Atomic Scale Modeling of Alloys and Functional Materials
||Atomic Scale Modeling of Alloys and Functional Materials|
||SNIC Medium Compute|
||Paul Erhart <firstname.lastname@example.org>|
||Chalmers tekniska högskola|
||2019-11-01 – 2020-11-01|
Understanding and manipulating the electrical and thermal conductivity of materials is of interest to a large number of applications, including electronic and optoelectronic devices, thermal management, and thermoelectric energy generation. In collaboration with several experimental groups, we study the electrical and thermal conductivity of various materials and their dependence on microstructure, focusing on inorganic clathrates and chalcogenides.
To this end, we use both first-principles calculations and semi-empirical models in combination with solvers for the Boltzmann transport equation as well as molecular dynamics simulations. The computational expense of individual calculations, the large number of degrees of freedom to be treated, and the chemical complexity of the systems of interest imply that we require very substantial computational resources in order to complete our research plan.
The codes to be used are all well suited for massively parallel computing environments. Density functional theory (DFT) calculations are conducted using the VASP and GPAW codes. Boltzmann transport calculations are carried out using phono3py, shengBTE, and boltzTrap using input generated with the hiphive package that we released recently (https://hiphive.materialsmodeling.org; doi: 10.1002/adts.201800184). Molecular dynamics simulations are conducted using LAMMPS. We will also employ our in-house model construction codes atomicrex (https://www.atomicrex.org) and icet, the latter of which has been recently released as FOSS for public use (https://icet.materialsmodeling.org; doi: 10.1002/adts.201900015).
This research is supported by a Fellowship grant from the Wallenberg foundation.
Recent publications (https://materialsmodeling.org/publications/):
* Lindroth et al., Phys. Rev. B 100, 19078 (2019)
* Ångqvist et al., Adv. Sim. Theo. 2, 1900015 (2019)
* Eriksson et al., Adv. Sim.
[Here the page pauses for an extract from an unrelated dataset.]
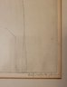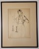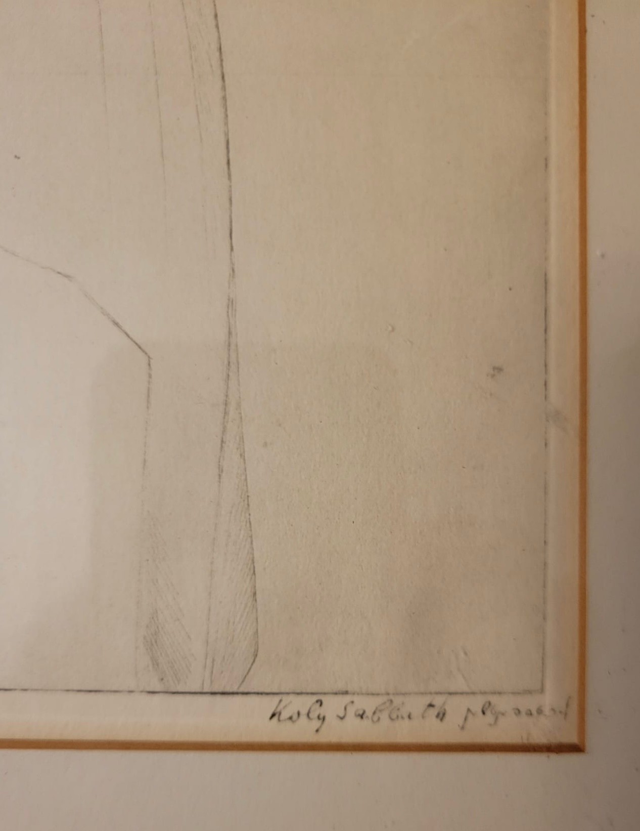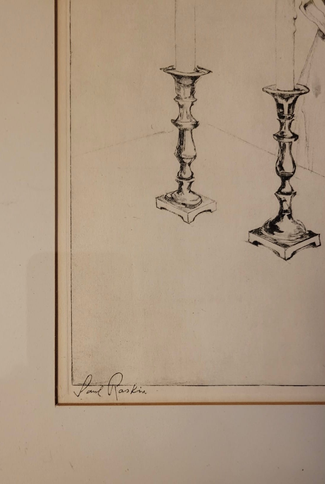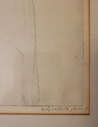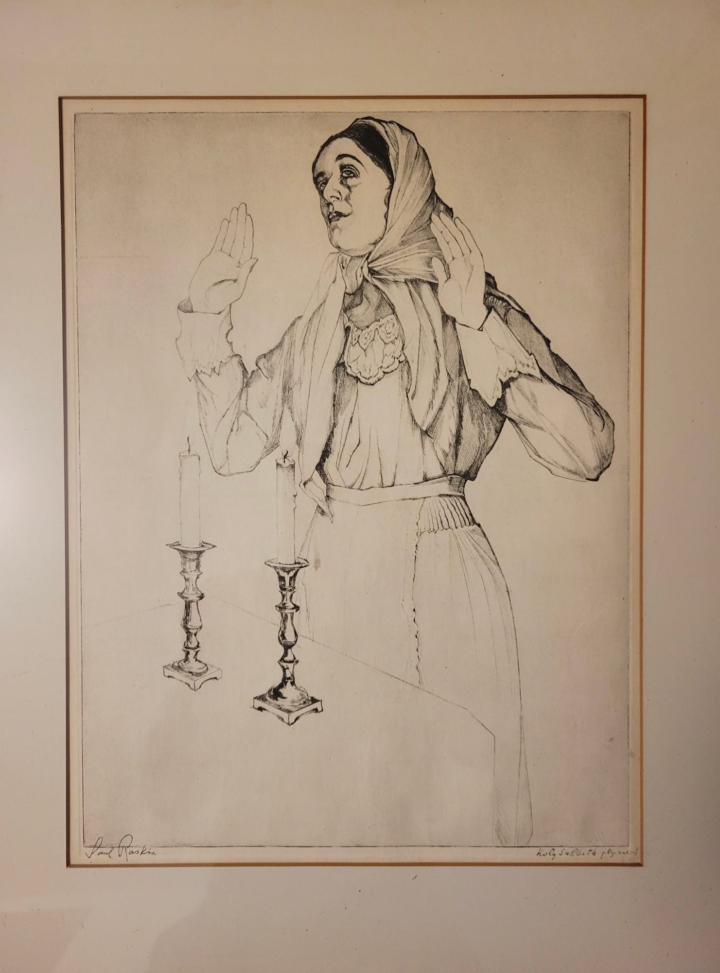 This image features a framed lithograph titled "Holy Sabbath" by Saul Raskin. It depicts a woman with a headscarf, gesturing with her hands near two candlesticks, which adds a sense of context or ritual to the scene. The style is characterized by detailed line work. Saul Raskin Etching Holy Sabbath single mat with black frame

Theo. 2, 1800184 (2019)
Metallic nanoparticles are key components in many areas including e.g., catalysis, medicine, energy generation and storage. The properties of these particles are highly sensitive to variations in size, shape, composition and surface termination. Recently, owing to fascinating advances in shape-selected nanocrystal synthesis, particles with well-controlled size, shape and chemical composition have become available. This has brought about new exciting opportunities for engineering particle properties.
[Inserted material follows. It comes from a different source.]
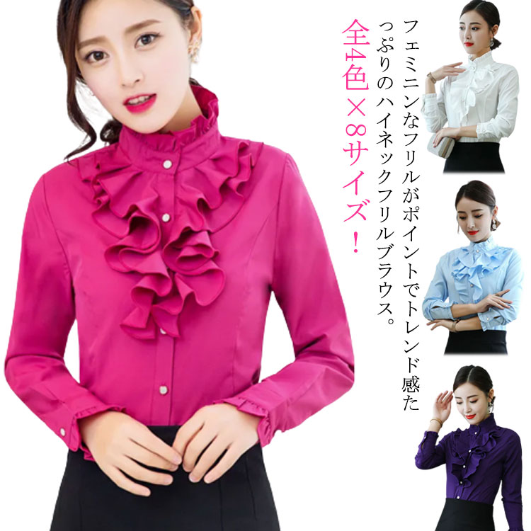 全48サイズ!スーツインナー シャツ ハイネック 立ち襟シャツ レディース フリルシャツ 2重フリル スタンドカラーシャツ フェミニン シフォンシャツ 無地 白 黒 パープル ピンク 大き

Here, our research is concerned with the development of models and tools for simulating alloys on the atomic scale. This approach enables an improved understanding of the microscopic processes that govern materials response on the macroscopic scale. The specific objectives are
* to quantitatively resolve the phase diagrams of nanoparticles composed of late transition-metals as a function of size, shape, and surface chemistry, and
* to predict plasmonic properties as a function of size, shape, composition, and chemical state under experimentally relevant conditions.
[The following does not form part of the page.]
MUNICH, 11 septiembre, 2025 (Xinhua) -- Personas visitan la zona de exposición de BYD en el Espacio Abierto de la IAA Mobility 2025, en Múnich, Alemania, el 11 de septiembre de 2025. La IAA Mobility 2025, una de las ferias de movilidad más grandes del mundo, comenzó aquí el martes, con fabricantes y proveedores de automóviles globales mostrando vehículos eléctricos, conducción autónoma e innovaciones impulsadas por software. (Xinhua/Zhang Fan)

In this subproject we employ DFT calculations via the GPAW and VASP codes along with empirical potentials in molecular dynamics and Monte Carlo simulations. Post-processing and model building as described above are carried out as well.
* Rossi et al., Nature Comm. 10, 3336 (2019)
* Kumar et al., ACS Nano 13, 3188 (2019)
* Rahm and Erhart, J. Phys. Chem. C 122, 28439 (2018)
This project is supported by the Swedish Research Council.